You make Ruby’s point: no one disputes that a Republic did not exist in law until the revision of the constitution in June 1964.
The sole point we are making is that despite the non-existence of a republic de jure, in law, it is not only conceivable to to think that people referred to the interim Kenyan state as a republic from the fall of 1963 onward,
BUT we have multiple newspaper articles from Oct. 1963 onward showing that people around the world referred to Kenya as a republic, even though it was not one de jure.

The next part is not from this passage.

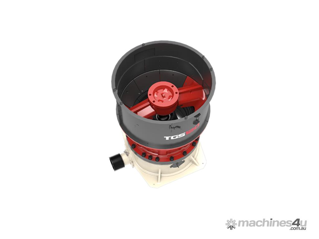 TGS SeriesTGS120The Cedarapids TGS Series Cone Crusher is the ideal choice for large feed secondary applications and can even handle control-fed sand & gravel primary applications. Sharing the same base mount, drivetrain, and power rating as its TG equivalent, the 120 hp TGS120 Cone accepts 65-80% larger feed sizes than other cones in its class. Its steep-angled head design boosts throughput and ensures consistent performance, even with an on/off feed.The TGS maintains maximum feed size and stable output gradings with a constant feed opening throughout liner wear. Standard advanced automation controls, multiple cavity options, and adjustable eccentric throws make it highly adaptable to any application, delivering exceptional productivity and a lower cost per ton.

The great importance of no. 5160 is that it is from the London Times and the source of the terminology is Kenyatta’s interim government and it is at the time of the decision to go independent. Other evidence was from local newspapers in small towns in the US showing that exchange students were referring to themselves as from the Republic of Kenya. That’s valuable, but not as important as 5160.
What this shows is the foolishness of the debunkers who took general political status dates from encyclopedias etc. and pontificated that because Kenya was not de jure a republic until June 1964 (or, more commonly, people say, Dec. 1964), therefore the term “Republic of Kenya” could not have been used before June or Dec. 1964.
That is a faulty conclusion to draw from genuine facts.
It is a fact that Kenya became a republic either with the revised constitution of June 1964 or the recognition of the republic by England in December. That is a true fact.
But it does not follow from that fact that a certificate issued by a government unit in Kenya in February 1964 COULD NOT POSSIBLY have used the term “Republic of Kenya.”
No, Kenya was not yet a republic. But you simply cannot conclude definitively from that that the term could not have been in use.
And now we have contemporary evidence showing that the term was indeed in wide use.
That’s a pretty good blow against the whole December 1964 issue.
So to clarify...Mombasa, as a part of the Coastal Province officially referred to itself as being a part of the Republic of Kenya in early 1964?
Once trust is lost, “dropping it” is the worst possible solutiuon
If Beck said this, he is missing the point- it’s not about the BC.
It is about trusting the integrity of the man in the Oval Office - and all those who put him there and who protect him from logical, honest, easily-answered inquiry
Mombasa wasn’t under Zanzibar’s sovereignty, they were under Kenya’s as the British government paid for the lease (or tribute as they called) it of the 10 mile strip including Mombasa for nearly 75 years before Zanzibar ceded the 10 mile strip. The civil records would have been under Kenya since Kenya had jurisdiction over the area they LEASED.
It’s like if you rent an apartment or house and have to list your address, you would list the place you reside and all activity would be on you. Not the landlord.
Goog’d by google? - How surprising....
Just like in America. We *were* a Republic long before the world recognized us as such.
ping
Personally, I think all the personalities on Fox have been told to zip it about this. Fear of the Fairness Doctrine? One of Ailes’ personal quirks? Who knows.
Not just early 1964, but mid to fall of 1963.
It would be better to say that Mombasa, while leased to the British, was nominally under the Sultan of Zanzibar’s sovereignty but was actually under British government, authority, control etc.
Sovereignty is the broader, more abstract concept. By “leasing” the coastal strip, the Sultan retained, in name only, nominally, the sovereignty (he had to have it else he could not “lease” operative control to someone else). But he leased, ceded, control, de facto, on the ground administration, to the British.
So in terms of people’s perception, Mombasa was “part of Kenya.” On paper, nominally (and I’m sure people were aware of this, but at a secondary level of awareness), it was still under the Sultan’s sovereignty.